12 KiB
go-rocm Project History
Origin
go-rocm was created on 19 February 2026 by Virgil (orchestrator) as the AMD GPU backend for the go-inference ecosystem. The sibling package go-mlx provides the same interface on macOS using Apple Metal and direct CGO; go-rocm targets the Linux homelab's AMD Radeon RX 7800 XT.
The package was built by Charon (test coverage and build agent, running on the Linux homelab) in a single day across four phases: environment validation, core implementation, robustness, model support, and performance tuning.
Phase 0: Environment Validation (19 Feb 2026)
Purpose: Confirm the homelab hardware, ROCm installation, and llama.cpp build before writing any Go code.
Findings:
- GPU architecture confirmed as gfx1100 via
rocminfo.
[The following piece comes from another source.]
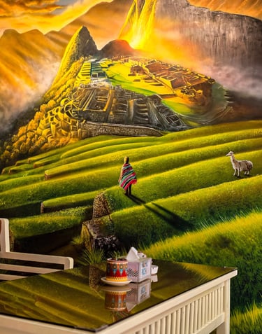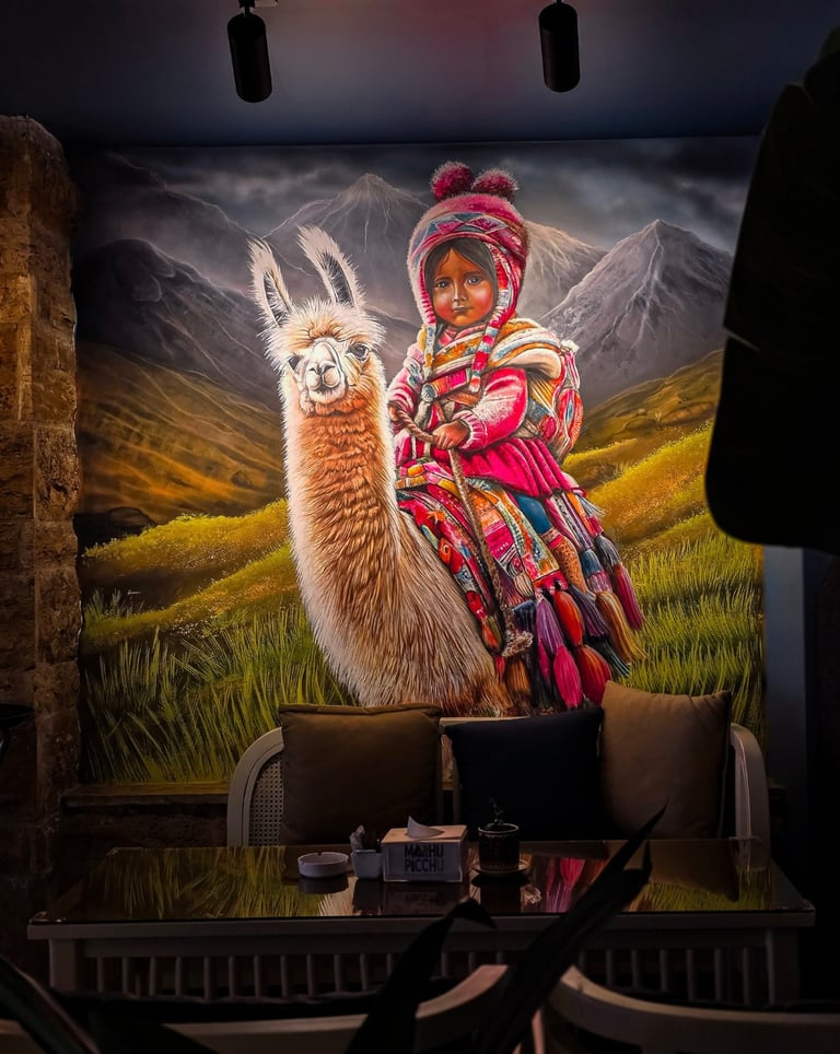 Step into the vibrant world of Machu Picchu Café, where every corner tells a story inspired by the rich heritage of the Inca civilization in Peru. The walls come alive with hand-painted murals of majestic llamas, Andean landscapes, and colorful traditional attire, creating a captivating atmosphere that transports you across continents.

Virgil's initial notes stated gfx1101; the physical hardware is gfx1100. NoHSA_OVERRIDE_GFX_VERSIONoverride is required. - ROCm version: 7.2.0 (minimum required is 6.x).
- Kernel: 6.17.0-14-generic.
- llama.cpp built from commit
11c325cwith-DGGML_HIP=ON -DAMDGPU_TARGETS=gfx1100 -DGGML_HIP_ROCWMMA_FATTN=ON. Binary installed to/usr/local/bin/llama-server.
Critical discovery: iGPU crash
The Ryzen 9 9950X has an integrated GPU that ROCm detects as a second device:
- Device 0: RX 7800 XT (gfx1100), 16 GB VRAM
- Device 1: Radeon Graphics iGPU (gfx1100), reports ~100 GB free (system RAM)
llama-server's auto-fit logic splits the model across both devices. Loading tensors to Device 1 triggers ROCm error: unspecified launch failure and a core dump. The fix is HIP_VISIBLE_DEVICES=0, which must be set unconditionally when spawning llama-server.
Baseline benchmark (Gemma3-4B-Q4_K_M):
| Metric | Value |
|---|---|
| Prefill speed | 396 tok/s |
| Decode speed | 109 tok/s |
| Time to first token | ~40 ms (16-token prompt) |
| Server startup | ~6 s |
| VRAM used | ~3.4 GB of 16 GB |
Phase 1: Core Implementation (19 Feb 2026)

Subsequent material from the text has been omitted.